TO DO - Begin at the line below that has "天然水草树脂戒指冰种飘花玉髓指环尾戒复古精品树脂苔藓男女戒指". Stop after the line that has "seismic moment | |", repeating each line exactly and leaving out the pictures.

RECORDS FOR THE EXERCISE -
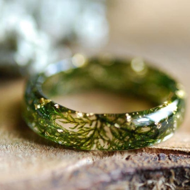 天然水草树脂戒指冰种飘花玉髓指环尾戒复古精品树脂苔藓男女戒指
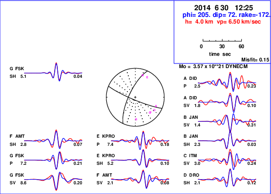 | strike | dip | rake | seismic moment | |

...

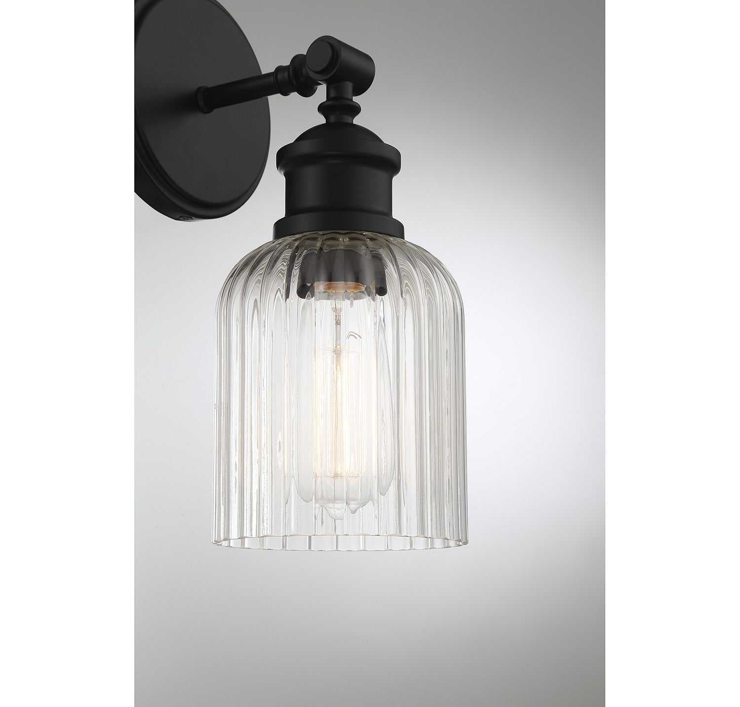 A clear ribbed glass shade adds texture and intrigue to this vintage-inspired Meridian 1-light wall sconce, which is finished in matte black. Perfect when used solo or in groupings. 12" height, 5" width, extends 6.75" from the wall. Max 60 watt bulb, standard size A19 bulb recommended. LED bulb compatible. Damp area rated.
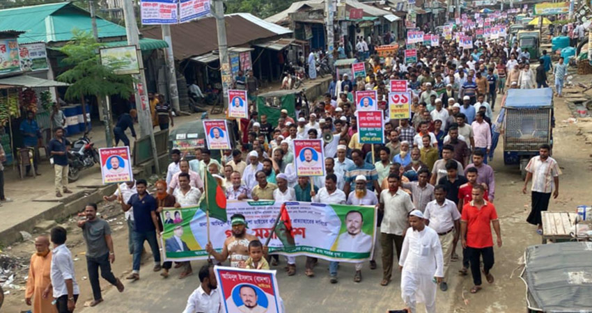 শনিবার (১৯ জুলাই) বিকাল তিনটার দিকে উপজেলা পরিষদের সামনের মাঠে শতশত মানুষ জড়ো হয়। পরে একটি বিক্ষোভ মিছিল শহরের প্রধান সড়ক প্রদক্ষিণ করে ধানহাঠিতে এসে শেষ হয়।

RESPONSE TO THE EXERCISE -
 天然水草树脂戒指冰种飘花玉髓指环尾戒复古精品树脂苔藓男女戒指
 | strike | dip | rake | seismic moment | |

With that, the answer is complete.